There's some level of interpretation of data, but some of his cited papers
offer strong evidence contrary to his point.

From the Jeff Huang paper:

    
    
       The mean Euclidean distance between cursor and gaze is 178px 
       (σ = 139px) and the median is 143px.
    

The problem here is that there's a long tail of completely inaccurate data:
the average distance between eye and mouse is 178px. I believe there are some
people who tend to follow their eyes with their mouse, and some people who
don't. Google research suggests the ratio is about 1:2.

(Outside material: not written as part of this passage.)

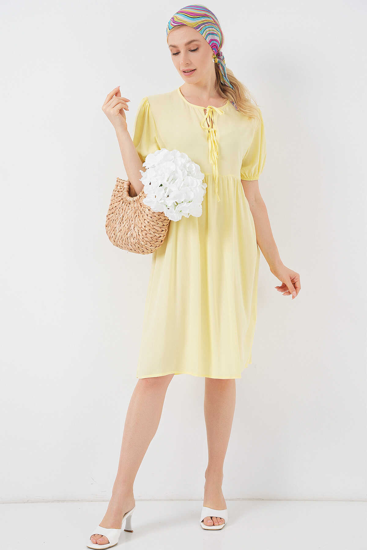 Kadın Bağcıklı Midi Elbise 2575 - Sarı - Kombin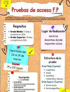 - PRUEBAS DE ACCESO A CICLOS FORMATIVOS 2026Enlace en la página web de la Consellería de Educación, cultura y Deporte RESOLUCIÓN de 13 de febrero de 2026, de la Dirección General de Formación Profesional, por la cual se convocan las pruebas de acceso a los ciclos formativos de grado medio y superior … Leer más

That being said, I am a bit off topic here: there is most definitely value
that can be extracted from mouse position. Can it be used to tell where the
user is looking? Unlikely in the common case. Can it indicate purchase intent?
I wouldn't be surprised.

My rebuttal was mostly premeditated by the amount of false interpretation of
research about mouse-eye correlation. There's a lot of really good research
out there, but it's often mis-cited to support an opposing claim.

------
ankneo
Looks cool :) looking forward to use it !!

------
lwhi
There are mathematics symbols, it looks scientific. Must be true :)

------
dancunningham
One step further... using body movements...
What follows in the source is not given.